I also think that we have an opportunity to ask whether our classrooms are designed to meet the real needs of children. In For Real, I explore the arguments made by thinkers like Sir Ken Robinson, Ph.D., that our model of education, created to meet the demands of the labor market of our ever-more industrialized society, is poorly suited to supporting the ways children actually learn and develop.

 

The strain of the pandemic exposed even more starkly the ways in which the system is failing our children.

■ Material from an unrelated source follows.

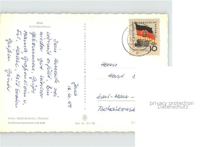 72473362 alte Postkarte Jena Thueringen Zeiss-Hochhaus postalisch gelaufen Erhaltung siehe scans KatCode: 11110016053000

Rather than patching back together, I hope we can find a way to reimagine and rebuild it.

 

Q: What do you see as the importance of authenticity for young people?

 

A: Parker Palmer, the noted author and founder of the Center for Courage and Renewal, describes authenticity as “living on the outside the truth you know on the inside.” What I love about this elegant statement is that for me it captures the freedom and ease that come from living authentically.

 

Obscuring parts of ourselves and constantly reading the rooms we are in to determine which versions of us might be acceptable and accepted takes enormous amounts of energy.

 

When we encourage young people to be comfortable with themselves and support them in developing the tools to live authentically, we help them free up huge stores of creativity, curiosity, and joy.

 

Q: What are you working on now?

 

A: The publication of For Real marks the launch of the Authenticity Works Initiative to spark a movement of caring adults dedicated to helping children thrive by helping them understand what is true for them on the inside and to living in harmony with that truth.

 

Authenticity Works aims to inspire a wide-ranging public discourse through a broad range of activities to

Educate - through the book, speaking engagements, workshops, online content, and future publications and programmatic products

Collaborate - by building a community of like-minded individuals, organizations, and institutions through convenings, conferences, and partnerships 

Advocate - by working together with our community to push for systemic changes in areas such as education, social services, healthcare, and childcare.

 

We will also be inviting people to join the Authenticity Works Alliance as a means to support grass-roots activism to address the needs of children in local communities.

 

Q: Anything else we should know?


A: People often ask me whether this work and For Real is intended for a particular age group. I really hope that as many people as possible understand and embrace the idea that we need to support children from birth to early adulthood in being comfortable being themselves and that in order to do so we need to work on being comfortable in our own skins in order to model it for kids.